The USA and UK have identified the teaching of the computing discipline as a national priority. It would be a threat to Australia’s economic future if Australian students are excluded from being able to fully contribute to such innovations by a curriculum that limits their learning about digital technologies to a comparably superficial treatment in the senior years of schooling. Students in other countries will be advantaged by a developmental curriculum throughout their schooling. We do not expect students studying mathematics or science to start their studies in upper secondary for the same good reasons.

It is perplexing that the lack of support for computing as a discipline in the report is inconsistent with the Australian Government’s recognition of the importance of Science, Technology, Engineering and Mathematics (STEM).
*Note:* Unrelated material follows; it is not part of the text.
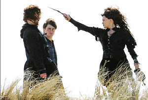 《哈利·波特》系列電影的第七部——《哈利·波特與死亡圣器》,目前正在英國彭布魯克郡熱拍。扮演女魔頭貝拉特里克斯的英國女演員海倫娜·邦漢·卡特出現在了片場,這個在第五集《哈利·波特與鳳凰社》開始登場的壞蛋,難得出現在外景中,她將與哈利三人組進行更激烈的對抗。在拍片現場,“哈利”丹尼爾·雷德格里夫和“赫敏”艾瑪·沃森也都高調亮相。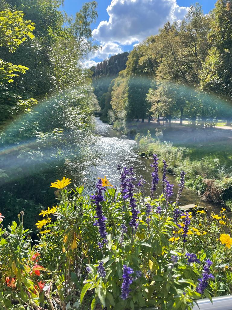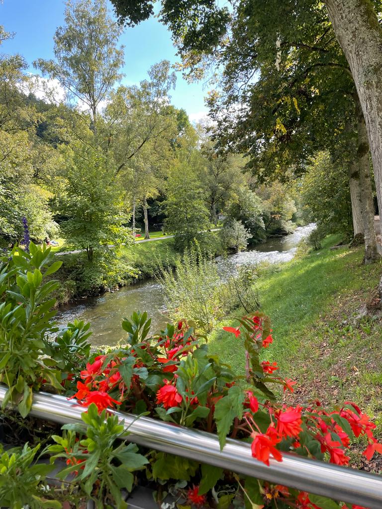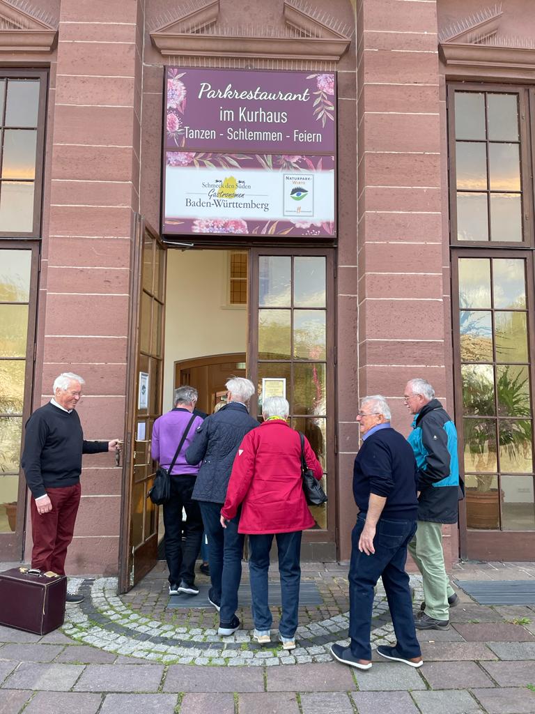 Bei wunderbarem Wetter ging es dann zu Fuß zum Kurhaus, wo bereits Tische für uns reserviert waren. Nach einem sehr guten Mittagessen schlenderten wir noch durch den wunderschönen Kurpark und einige auch noch durch den fast noch schöneren SOPHI PARK. Die Parks sind idyllisch an der Nagold gelegen mit Blick auf die dunklen Höhen des Schwarzwaldes.

ACCE was encouraged by the government’s investment of 12 million dollars in the Restoring the focus on STEM in schools initiative that includes “the introduction of computer coding across different year levels in Australian schools leading to greater exposure to computational thinking, and, ultimately, expanding the pool of ICT-skilled workers.” ACCE is subsequently dismayed that this is not reflected in the proposed curriculum models.
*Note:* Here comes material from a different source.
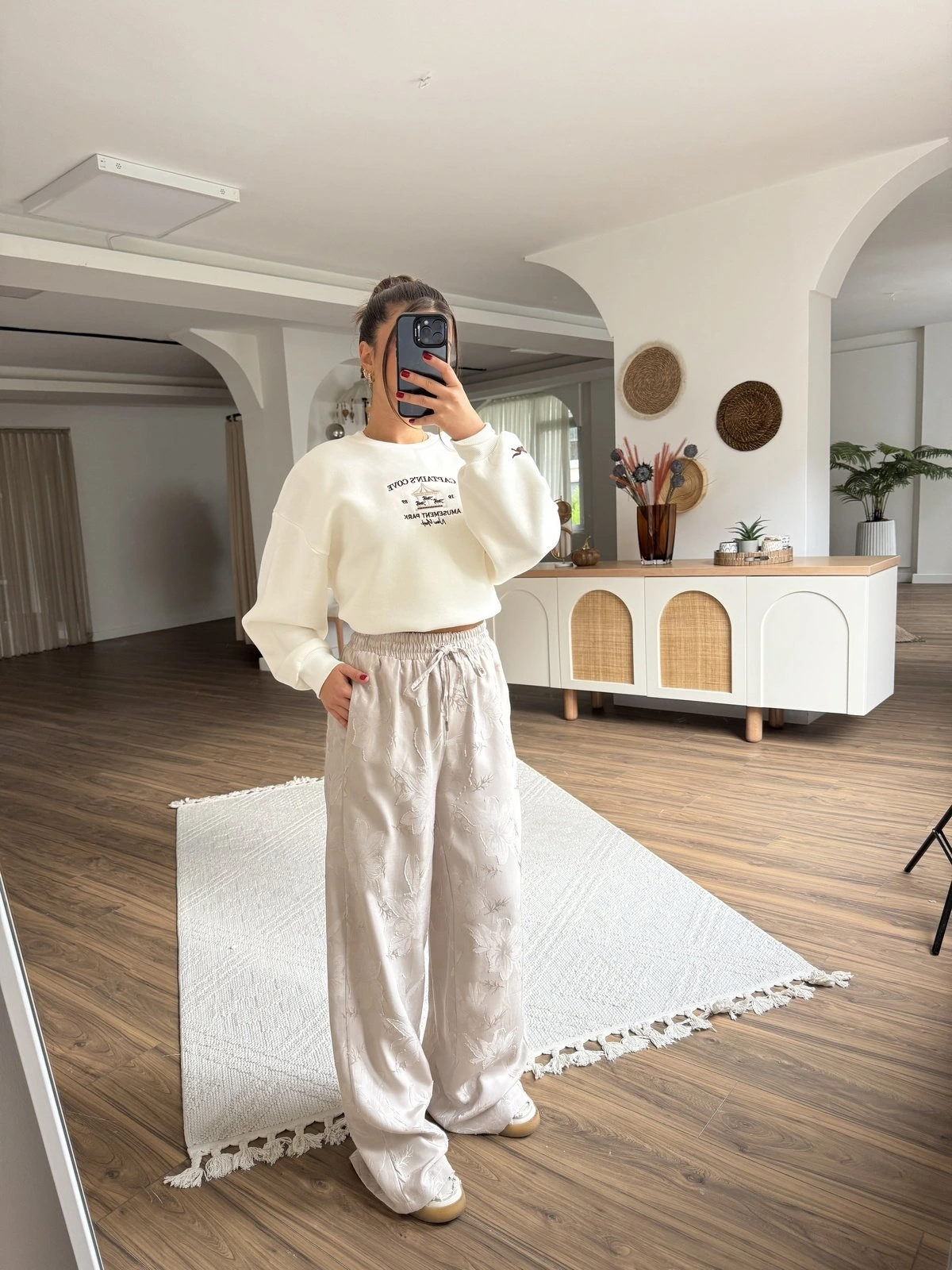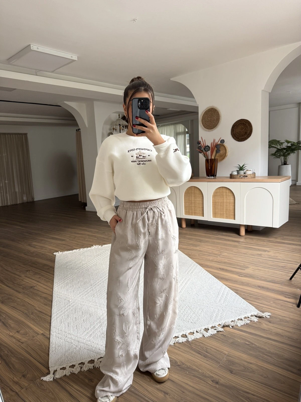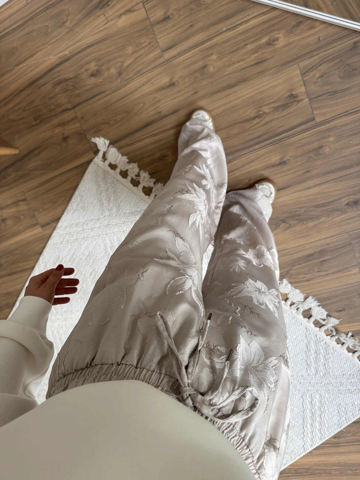 ÇİÇEK DOKU DESEN CEPLİ VİSKON RAHAT PANTOLON – TAŞ

For Australia to have a world class, 21st Century curriculum, students should have the opportunity to engage in meaningful ways with how they can develop digital solutions that improve their lives and solve problems that increase in complexity over time. This is necessary to develop students’ capacity to creatively develop digital solutions, and in doing so, enable them with the ability to make considered study and career choices that involve the many facets of digital technologies, be they in information technology, science, the media, service, construction, medicine, arts, entertainment, law, teaching, politics, or other careers.

ACCE maintains that the teaching of computing as a discipline should be a core subject in any modern curriculum. Unfortunately, that view was not expressed in the report. Curiously, this view was expressed by the report subject matter specialist in the supplementary material. Of the two models presented in the report, the one proposed by Dr. Donnelly includes study of Digital Technologies only as an option for educational authorities in the states and territories. Such an approach loses much of the value of an Australian curriculum to further national goals. However, this is preferable to a mandated limiting of the study of the computing discipline to just the upper years of schooling as proposed by Professor Wiltshire. ACCE reiterates the need for Digital Technologies to be included as a core subject to some degree at all levels of schooling to enable a developmental approach to the discipline.
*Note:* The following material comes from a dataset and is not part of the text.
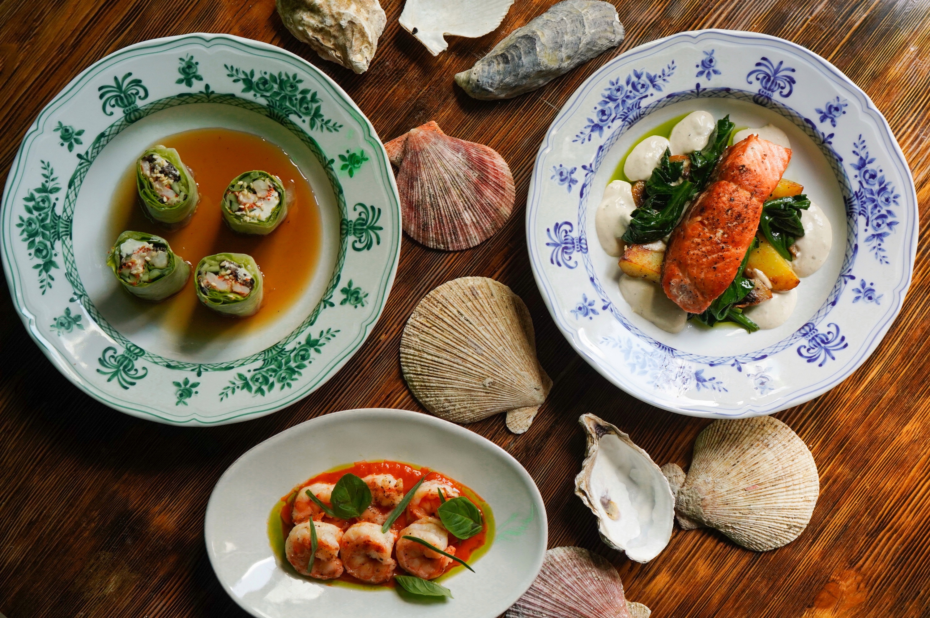 Сеть баров “Винный Базар” приготовили сет из трех блюд: спринг-ролл с креветкой, свежими овощами и тобико в соусе понзу (650 руб.), креветки в соусе ромеско (650 руб.) и Мурманскую форель с сезонными овощами и грибами, молодым картофелем и соусом тоннато (1290 руб.). Также 20 августа бренд-шеф Владимир Шамоян и шеф-сомелье Жанна Киликиди проведут морской ужин в “Винном Базаре” на Петровском бульваре. Стоимость ужина — 5500 рублей;

ACCE strongly recommends the government consults more widely with industry and professional groups such as the Australian Council for Computers in Education (ACCE), Australian Computer Society (ACS), Australian Information Industries Association (AIIA), and Digital Careers, and relevant government departments, to resolve how Digital Technologies can be included as a core subject in a 21st Century Australian Curriculum.

Dr Jason Zagami
President of the Australian Council for Computers in Education (ACCE)
[email protected] 0755528454

The Australian Council for Computers in Education (ACCE) is the national professional education body for the teaching of computing in Australian schools. It comprises representatives from all state and territory associations and the Australian Computer Society (ACS).